Foundations of the Theory of Probability (Grundbegriffe der Wahrscheinlichkeitsrechnung)
Probability is just measure: a few axioms, and chance becomes rigorous mathematics.
What is the chance of something? For two hundred years that question had no clean answer — until Kolmogorov noticed that probability is just a way of measuring, like area or weight.
The big idea
Picture the set of everything that could happen — every face a die could land on, every path a particle could take. Call that whole set E. An 'event' is just a chunk of E: 'the die shows an even number' is the chunk {2, 4, 6}. Kolmogorov's insight was that the probability of an event behaves exactly like the size of that chunk.
So he wrote down a handful of simple rules. No probability is negative. The probability that something in E happens is exactly 1 — the whole is the whole. And if two events can't both happen at once, the chance of one-or-the-other is just their chances added together. From those few rules — and one more for handling infinitely many events — every law of probability follows. He had turned chance into a branch of measurement, no looser than geometry.
How it came about
By 1900 probability was a scandal at the heart of mathematics: gamblers and physicists used it daily and it plainly worked, yet no one could say precisely what a 'probability' was, and clever paradoxes kept springing up. David Hilbert, listing the great unsolved problems of the new century, made it his sixth: put probability on a rigorous, axiomatic footing.
The tools arrived from an unexpected place. Henri Lebesgue had built a powerful new theory of how to 'measure' the size of complicated sets, and Maurice Fréchet had stripped it of its geometric trappings so it could measure anything. The young Soviet mathematician Andrey Kolmogorov saw that probability was simply measure wearing a disguise. In 1933 he published a slim 62-page book, in German, that made the identification exact. He was the first to say plainly: probability theory is part of measure theory.
Why it mattered
Before this book, deep results in probability were hard to trust because the ground beneath them was vague. Afterwards, every theorem rested on the same secure footing as the rest of mathematics, and the entire toolkit of Lebesgue integration came along for free. It also tamed the infinite: Kolmogorov showed how to give a precise probability to things like 'a random curve traced out forever,' which is what made the modern theory of random processes — and with it modern finance, statistics, and machine learning — possible. He was careful, too: he openly credited Lebesgue, Fréchet and others, and admitted his axioms say nothing about what a probability really means.
A way to picture it
Think of pouring exactly one litre of water over a map. Every region's 'probability' is just how much water lands on it. No region can hold negative water; the whole map holds the full litre (that is P(E) = 1); and the water on two regions that don't overlap is simply the sum of each. Conditional probability is asking: of the water that fell on this county, what fraction sits in this town? That is the whole of Kolmogorov's idea — probability is liquid you measure, and his axioms are just the rules water already obeys.
Where it sits
Probability began at the gambling table — Pascal and Fermat in the 1650s, then Jacob Bernoulli's law of large numbers and Laplace's grand synthesis. But its foundations stayed shaky for centuries. Kolmogorov's book is the hinge: classical probability before, measure-theoretic probability after. The framework runs straight into the modern world — into Shannon's information theory (also in this Library), into the random walks that price options, and into the convergence guarantees behind today's AI. Rival foundations were proposed — von Mises's frequencies, de Finetti's subjective bets — but it is Kolmogorov's triple (E, F, P) that every textbook now opens with.

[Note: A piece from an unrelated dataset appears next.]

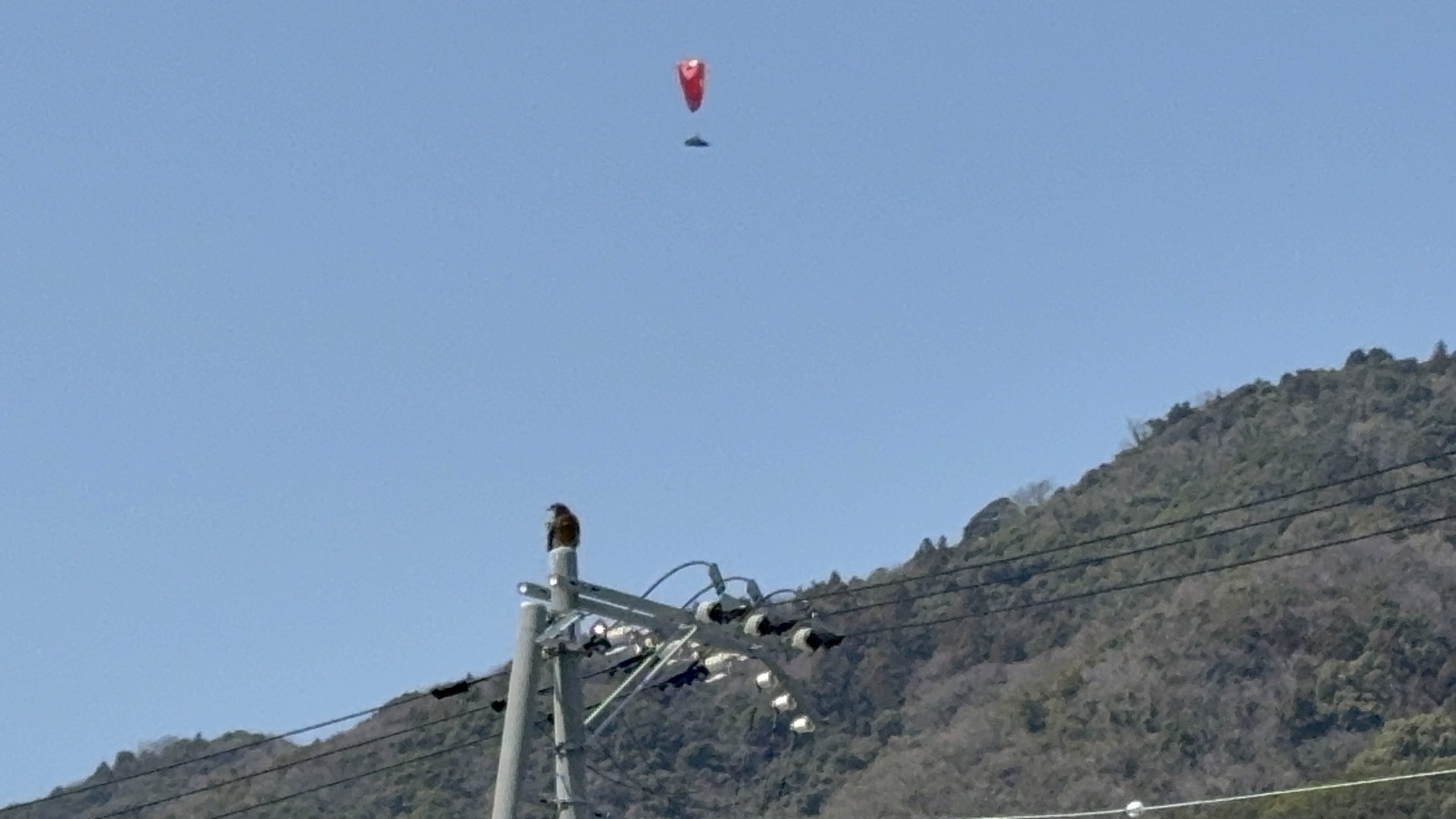 高速道路が通る山の上から 浜に降りるパラグライダー🪂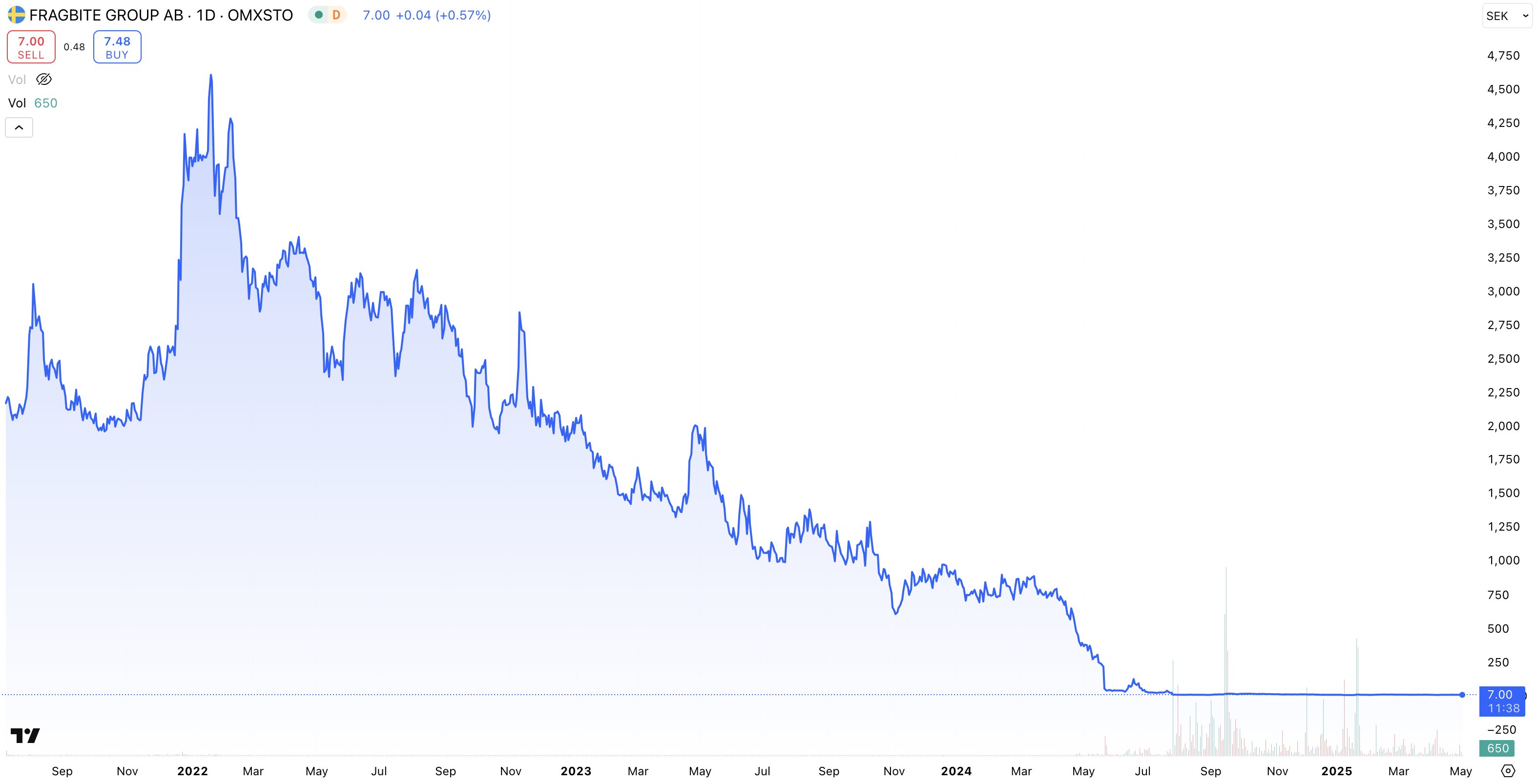 | 11 | Fragbite Group | – 99 %** | Spelutveckling |

Preface — measure and probability
The axioms (Chapter I)
III. To each set A from F is assigned a non-negative real number P(A). This number P(A) is called the probability of the event A.
The axiom of continuity (Chapter II)
Since the new axiom is essential only for infinite fields of probability, it is hardly possible to explain its empirical meaning … Infinite fields of probability occur only as idealized models of real random processes. This understood, we limit ourselves arbitrarily to models that satisfy Axiom VI.